TASK: Could you retype the lines below, starting at the line holding "На кого ставите?" and stopping at the line holding "Cũng cần phải", inclusive? Copy them exactly and drop the images.

DATA EXTRACTS:

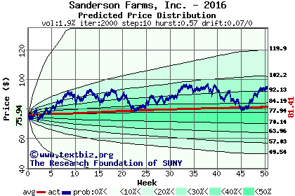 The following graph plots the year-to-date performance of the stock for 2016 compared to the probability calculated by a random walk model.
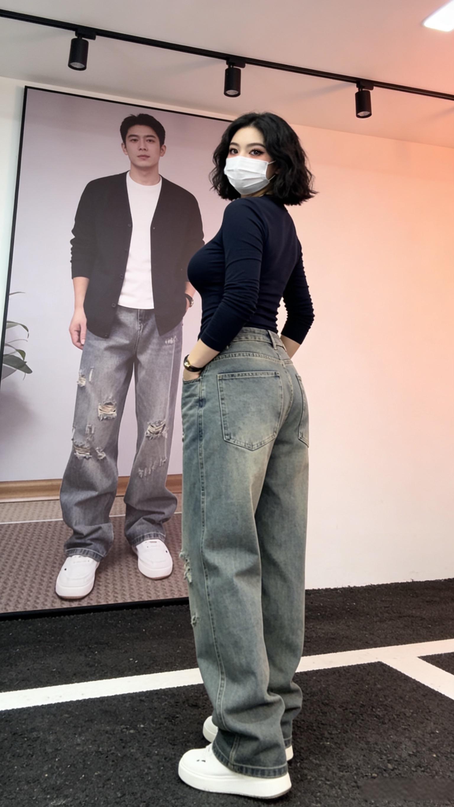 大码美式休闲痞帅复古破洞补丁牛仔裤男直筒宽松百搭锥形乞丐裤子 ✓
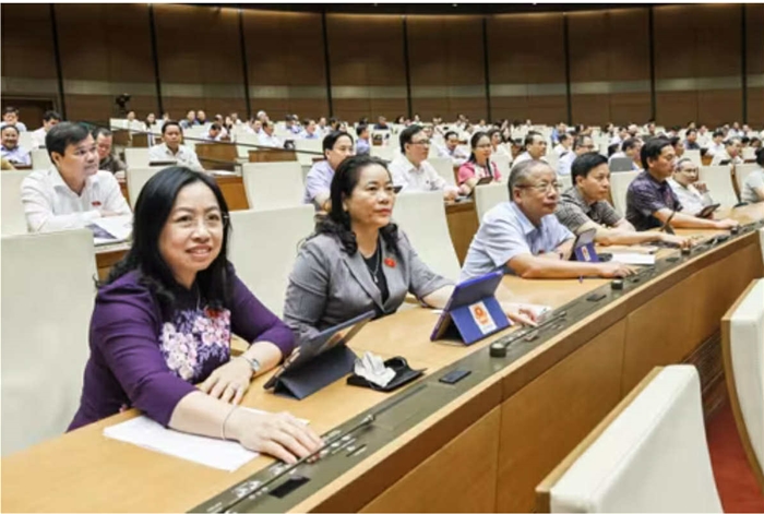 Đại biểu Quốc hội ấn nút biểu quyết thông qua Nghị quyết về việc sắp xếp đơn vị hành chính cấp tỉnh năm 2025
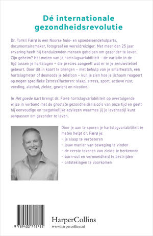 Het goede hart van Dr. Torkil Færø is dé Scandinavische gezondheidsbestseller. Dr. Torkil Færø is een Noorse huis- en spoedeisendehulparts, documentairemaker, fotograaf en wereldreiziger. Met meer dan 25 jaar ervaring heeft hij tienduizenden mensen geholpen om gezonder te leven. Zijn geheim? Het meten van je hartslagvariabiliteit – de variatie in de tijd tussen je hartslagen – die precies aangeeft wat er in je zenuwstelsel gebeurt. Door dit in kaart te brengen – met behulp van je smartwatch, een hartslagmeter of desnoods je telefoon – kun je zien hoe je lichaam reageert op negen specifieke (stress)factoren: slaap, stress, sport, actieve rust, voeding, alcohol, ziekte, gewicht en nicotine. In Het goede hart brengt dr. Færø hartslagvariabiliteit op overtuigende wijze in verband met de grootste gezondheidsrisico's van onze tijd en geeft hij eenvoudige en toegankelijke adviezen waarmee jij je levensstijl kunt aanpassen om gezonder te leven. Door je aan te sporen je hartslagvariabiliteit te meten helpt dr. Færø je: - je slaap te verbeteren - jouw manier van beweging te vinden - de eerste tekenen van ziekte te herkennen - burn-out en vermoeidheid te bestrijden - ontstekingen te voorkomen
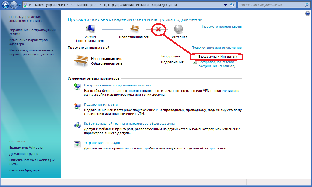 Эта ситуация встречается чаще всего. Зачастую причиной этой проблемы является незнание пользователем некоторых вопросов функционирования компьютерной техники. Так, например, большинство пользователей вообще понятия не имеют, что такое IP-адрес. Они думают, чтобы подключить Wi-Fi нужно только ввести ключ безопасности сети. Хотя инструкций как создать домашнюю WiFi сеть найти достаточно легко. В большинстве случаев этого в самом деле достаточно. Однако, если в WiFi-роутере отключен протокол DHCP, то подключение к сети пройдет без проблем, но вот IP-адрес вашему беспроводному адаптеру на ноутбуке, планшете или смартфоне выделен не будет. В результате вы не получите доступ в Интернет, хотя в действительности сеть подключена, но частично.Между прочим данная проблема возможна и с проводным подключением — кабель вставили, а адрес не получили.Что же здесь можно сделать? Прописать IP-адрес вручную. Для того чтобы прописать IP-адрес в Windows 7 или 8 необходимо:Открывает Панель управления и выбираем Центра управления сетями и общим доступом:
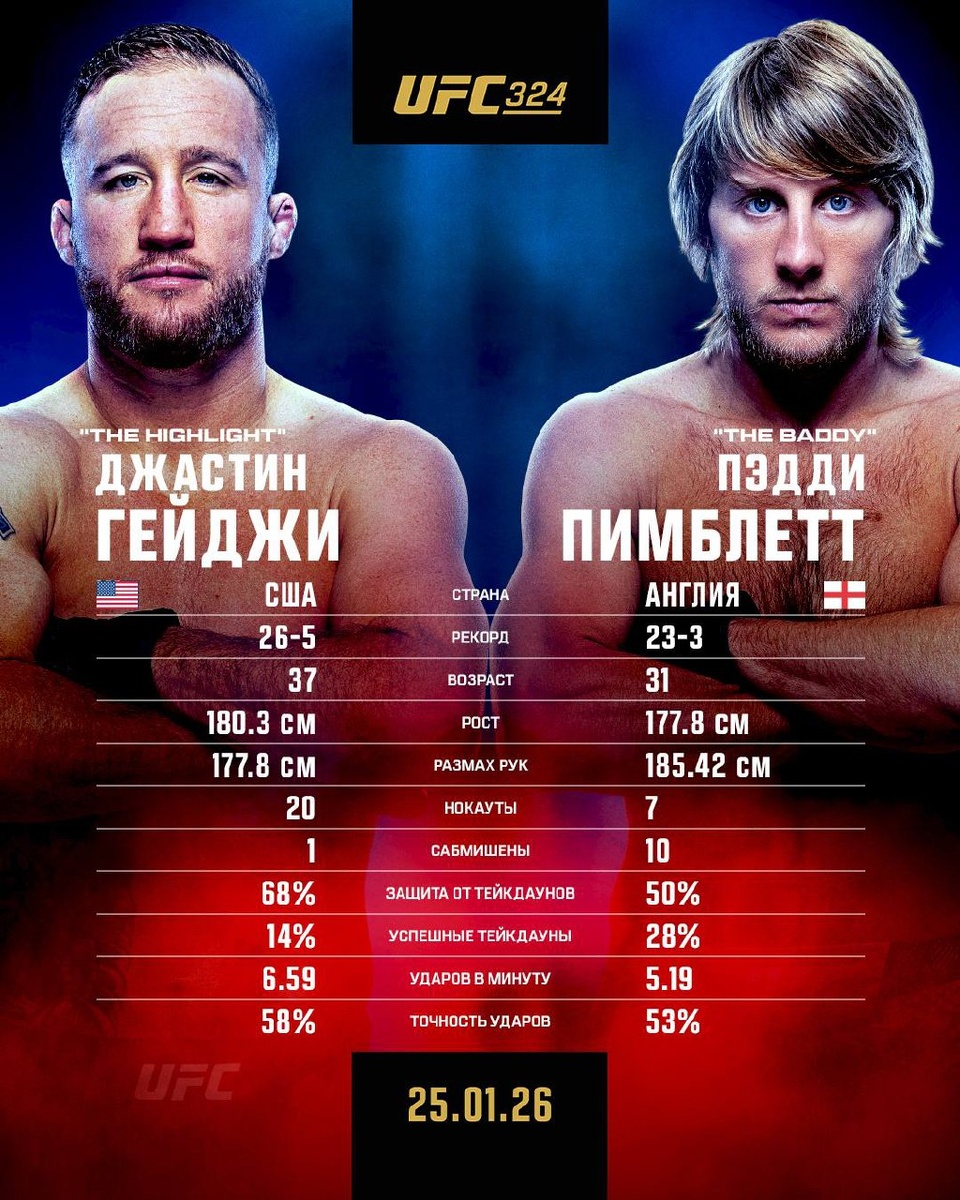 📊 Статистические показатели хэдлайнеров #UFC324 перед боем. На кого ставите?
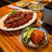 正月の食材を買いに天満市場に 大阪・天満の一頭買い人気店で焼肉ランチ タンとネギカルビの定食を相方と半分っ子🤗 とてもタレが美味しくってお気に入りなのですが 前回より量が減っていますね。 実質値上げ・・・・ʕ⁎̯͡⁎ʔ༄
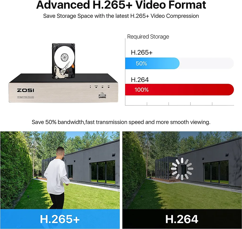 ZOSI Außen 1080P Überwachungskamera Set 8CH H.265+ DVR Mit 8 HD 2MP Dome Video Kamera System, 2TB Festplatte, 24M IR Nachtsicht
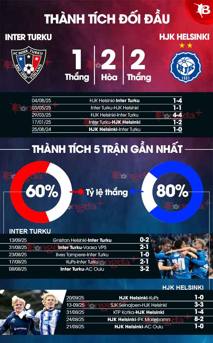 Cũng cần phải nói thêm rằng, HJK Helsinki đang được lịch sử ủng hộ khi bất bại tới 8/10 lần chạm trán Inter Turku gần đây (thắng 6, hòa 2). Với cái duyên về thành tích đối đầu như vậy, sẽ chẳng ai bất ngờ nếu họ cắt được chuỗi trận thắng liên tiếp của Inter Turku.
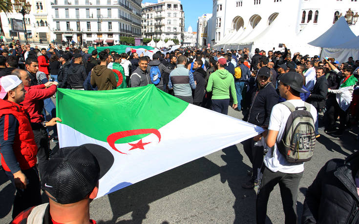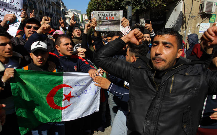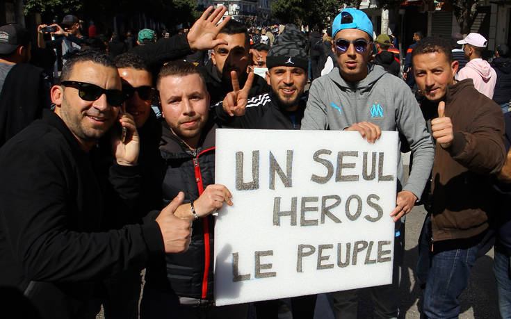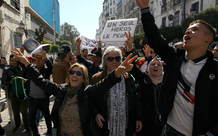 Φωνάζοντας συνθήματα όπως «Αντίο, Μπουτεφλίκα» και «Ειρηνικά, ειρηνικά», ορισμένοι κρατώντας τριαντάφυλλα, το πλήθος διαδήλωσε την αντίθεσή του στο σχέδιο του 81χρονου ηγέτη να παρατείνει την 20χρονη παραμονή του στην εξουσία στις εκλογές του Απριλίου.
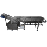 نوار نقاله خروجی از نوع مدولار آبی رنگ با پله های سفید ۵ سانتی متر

EXERCISE RESULT:
 📊 Статистические показатели хэдлайнеров #UFC324 перед боем. На кого ставите?
 正月の食材を買いに天満市場に 大阪・天満の一頭買い人気店で焼肉ランチ タンとネギカルビの定食を相方と半分っ子🤗 とてもタレが美味しくってお気に入りなのですが 前回より量が減っていますね。 実質値上げ・・・・ʕ⁎̯͡⁎ʔ༄
 ZOSI Außen 1080P Überwachungskamera Set 8CH H.265+ DVR Mit 8 HD 2MP Dome Video Kamera System, 2TB Festplatte, 24M IR Nachtsicht
 Cũng cần phải nói thêm rằng, HJK Helsinki đang được lịch sử ủng hộ khi bất bại tới 8/10 lần chạm trán Inter Turku gần đây (thắng 6, hòa 2). Với cái duyên về thành tích đối đầu như vậy, sẽ chẳng ai bất ngờ nếu họ cắt được chuỗi trận thắng liên tiếp của Inter Turku.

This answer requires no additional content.